A graphical depiction of the mapping between these parameters is shown in Figure S1. Using the relationship (\( S_{RDC}^{2} = S_{overall}^{2} S_{RDC, unscaled}^{2} \)), these equations can be written as

$$ \sigma_{x}^{2} = \frac{{1 - S_{overall} \sqrt {\left( {1 - \eta^{2} } \right)S_{RDC,unscaled}^{2} } + S_{overall} \eta \sqrt {3S_{RDC,unscaled}^{2} } }}{3} $$
(35)
$$ \sigma_{y}^{2} = \frac{{1 - S_{overall} \sqrt {\left( {1 - \eta^{2} } \right)S_{RDC,unscaled}^{2} } - S_{overall} \eta \sqrt {3S_{RDC,unscaled}^{2} } }}{3} $$
(36)

Since the variance must always be positive, the axis with the least variance (\( (\sigma_{y}^{2} ) \) should also be positive. Thus, the following inequalities are derived relating \( S_{RDC}^{2} \) and η to \( \sigma_{y}^{2} \)

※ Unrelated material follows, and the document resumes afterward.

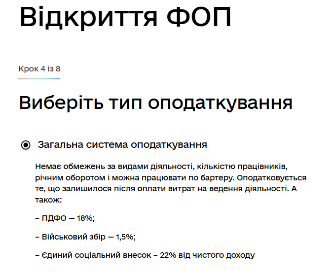 ‼️Якщо поставити “Так”, система на наступному кроці не дозволить обрати групу єдиного податку – відповідні поля будуть заблоковані. Єдиний варіант – загальна система.
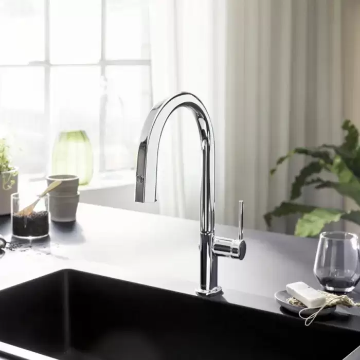 Hansgrohe Aqittura Смеситель для кухни, 1 отв., с вытяжным изливом 1jet и функцией фильтрации, цвет: хром

$$ \sigma_{y}^{2} = \frac{{1 - S_{overall} \sqrt {\left( {1 - \eta^{2} } \right)S_{RDC,unscaled}^{2} } - S_{overall} \eta \sqrt {3S_{RDC,unscaled}^{2} } }}{3} \ge 0 $$
(37)
$$ \begin{aligned} S_{overall} &\le \frac{1}{{\sqrt {\left( {1 - \eta^{2} } \right)S_{RDC,unscaled}^{2} } + \eta \sqrt {3S_{RDC,unscaled}^{2} } }} \\ &= - \frac{1}{{2B_{yy}^{unscaled} }} = S_{overall}^{max} .\end{aligned} $$
(38)

Using Eq. (38), residue-specific \( S_{overall}^{max} \) can be obtained using \( S_{RDC}^{2} \) and η, or from the lowest eigenvalue. The eigenvalue definition of \( S_{overall}^{max} \) follows directly from Eq. (27).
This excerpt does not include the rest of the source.